The sailor’s route would, however, take him, if bound to China or Australia, round the island of Ceylon, in which there are two harbours, Point de Galle, used as a stopping-place, a kind of “junction” for the great steamship lines, of which the splendid Peninsular and Oriental (the “P. & O.”) Company, is the principal. Point de Galle is the most convenient point, but it does not possess a first-class harbour. At Trincomalee, however, there is a magnificent harbour.
Ceylon is one of the most interesting islands in the world. It is the Serendib of the “Arabian Nights,” rich in glorious scenery, equable climate, tropical vegetation, unknown quantities of gems and pearls, and many minerals. The sapphire, ruby, topaz, garnet, and amethyst abound. A sapphire was found in 1853 worth £4,000. Its coffee plantations are a source of great wealth. Palms, flowering shrubs, tree ferns, rhododendrons, as big as timber trees, clothe the island in perennial verdure. The elephant, wild boar, leopard, bear, buffalo, humped ox, deer, palm-cat and civet are common, but there are few dangerous or venomous animals. The Singhalese population, really Hindoo colonists, are effeminate and cowardly. The Kandyans, Ceylonese Highlanders, who dwell in the mountains, are a more creditable race, sturdy and manly. Then there are the Malabars, early Portuguese and Dutch settlers, with a sprinkling of all nationalities.
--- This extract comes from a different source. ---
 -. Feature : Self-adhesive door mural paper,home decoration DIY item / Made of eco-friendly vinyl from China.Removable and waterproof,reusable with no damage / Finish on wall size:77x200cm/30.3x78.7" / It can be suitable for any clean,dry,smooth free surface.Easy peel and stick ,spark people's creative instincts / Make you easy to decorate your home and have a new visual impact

There, too, are the outcast Veddahs, the real wild men of the woods. With them there is no God—no worship. The Rock Veddahs live in the jungle, follow the chase, sleep in caves or in the woods, eat lizards, and consider roast monkey a prime dish. The Village Veddahs are a shade more civilised.
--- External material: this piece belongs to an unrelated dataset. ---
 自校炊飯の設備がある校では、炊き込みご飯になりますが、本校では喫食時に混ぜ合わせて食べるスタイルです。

One reads constantly in the daily journals of the India, China, or Australian Stations, and the reader may think that they are very intelligible titles. He may be surprised to learn that the East India Station not merely includes the ports of India and Ceylon, but the whole Indian Ocean, as far south as Madagascar, and the east coast of Africa, including Zanzibar and Mozambique, where there are dockyards. The China Station includes Japan, Borneo, Sumatra, the Philippine Islands, and the coast of Kamchatka and Eastern Siberia to Bering Sea. The Australian Station includes New Zealand and New Guinea. The leading stations in China are Hong Kong, Canton, and Shanghai. Vessels bound to the port of Canton have to enter the delta of the Pearl River, the area of which is largely occupied with isles and sandbanks. There are some thirty forts on the banks. When the ship has passed the mouth of this embouchure, which forms, in general terms, a kind of triangle, the sides of which are 100 miles each in length, you can proceed either to the island of Hong Kong, an English colony, or to the old Portuguese settlement of Macao.
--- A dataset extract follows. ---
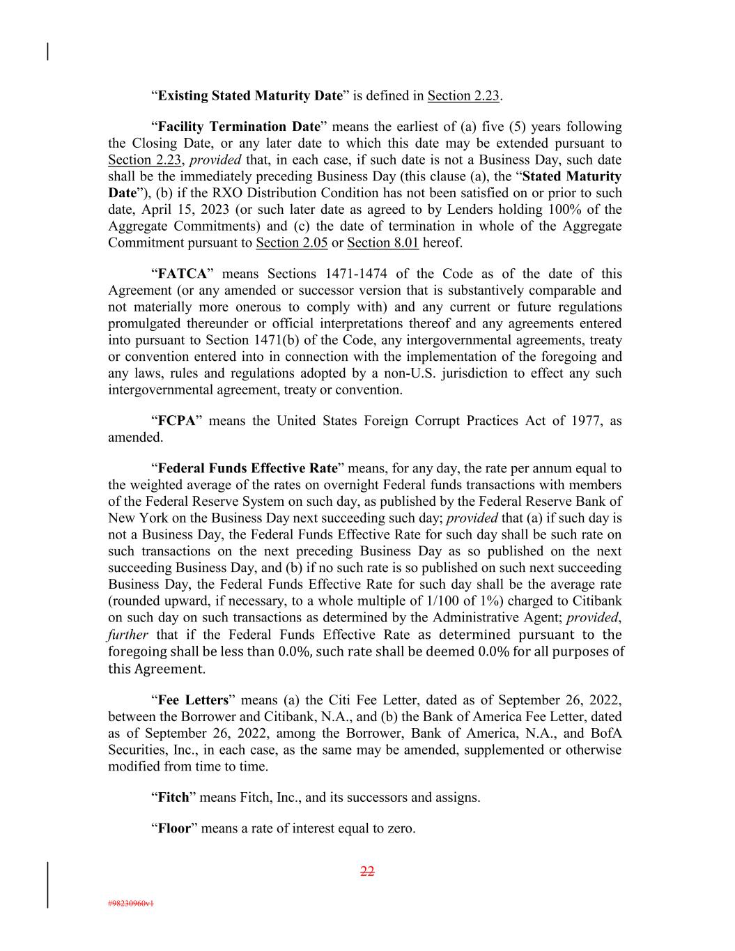 “Existing Stated Maturity Date” is defined in Section 2.23. “Facility Termination Date” means the earliest of (a) five (5) years following the Closing Date, or any later date to which this date may be extended pursuant to Section 2.23, provided that, in each case, if such date is not a Business Day, such date shall be the immediately preceding Business Day (this clause (a), the “Stated Maturity Date”), (b) if the RXO Distribution Condition has not been satisfied on or prior to such date, April 15, 2023 (or such later date as agreed to by Lenders holding 100% of the Aggregate Commitments) and (c) the date of termination in whole of the Aggregate Commitment pursuant to Section 2.05 or Section 8.01 hereof. “FATCA” means Sections 1471-1474 of the Code as of the date of this Agreement (or any amended or successor version that is substantively comparable and not materially more onerous to comply with) and any current or future regulations promulgated thereunder or official interpretations thereof and any agreements entered into pursuant to Section 1471(b) of the Code, any intergovernmental agreements, treaty or convention entered into in connection with the implementation of the foregoing and any laws, rules and regulations adopted by a non-U.S. jurisdiction to effect any such intergovernmental agreement, treaty or convention. “FCPA” means the United States Foreign Corrupt Practices Act of 1977, as amended. “Federal Funds Effective Rate” means, for any day, the rate per annum equal to the weighted average of the rates on overnight Federal funds transactions with members of the Federal Reserve System on such day, as published by the Federal Reserve Bank of New York on the Business Day next succeeding such day; provided that (a) if such day is not a Business Day, the Federal Funds Effective Rate for such day shall be such rate on such transactions on the next preceding Business Day as so published on the next succeeding Business Day, and (b) if no such rate is so published on such next succeeding Business Day, the Federal Funds Effective Rate for such day shall be the average rate (rounded upward, if necessary, to a whole multiple of 1/100 of 1%) charged to Citibank on such day on such transactions as determined by the Administrative Agent; provided, further that if the Federal Funds Effective Rate as determined pursuant to the foregoing shall be less than 0.0%, such rate shall be deemed 0.0% for all purposes of this Agreement. “Fee Letters” means (a) the Citi Fee Letter, dated as of September 26, 2022, between the Borrower and Citibank, N.A., and (b) the Bank of America Fee Letter, dated as of September 26, 2022, among the Borrower, Bank of America, N.A., and BofA Securities, Inc., in each case, as the same may be amended, supplemented or otherwise modified from time to time. “Fitch” means Fitch, Inc., and its successors and assigns. “Floor” means a rate of interest equal to zero. 22 #98230960v1

The name Hong Kong is a corruption of Hiang Kiang,[92] which is by interpretation “Scented Stream.” Properly, the designation belongs to a small stream on the southern side of the island, where ships’ boats have long been in the habit of obtaining fine pure [pg 120]water; but now the name is given by foreigners to the whole island. The island is about nine miles in length, and has a very rugged and barren surface, consisting of rocky ranges of hills and mountains, intersected by ravines, through which streams of the purest water flow unceasingly. Victoria, Hong Kong, is the capital of the colony, and the seat of government. It extends for more than three miles east and west, part of the central grounds being occupied by military barracks and hospitals, commissariat buildings, colonial churches, post-office, and harbour-master’s depôt, all of which are overlooked by the Government-house itself, high up on the hill. Close to the sea-beach are the commercial houses, clubs, exchange, and market-places.
It was the shelter, security, and convenience offered by the harbour that induced our [pg 121]Government to select it for a British settlement; it has one of the noblest roadsteads in the world. Before the cession to England in 1841, the native population on the island did not exceed 2,000; now there are 70,000 or 80,000.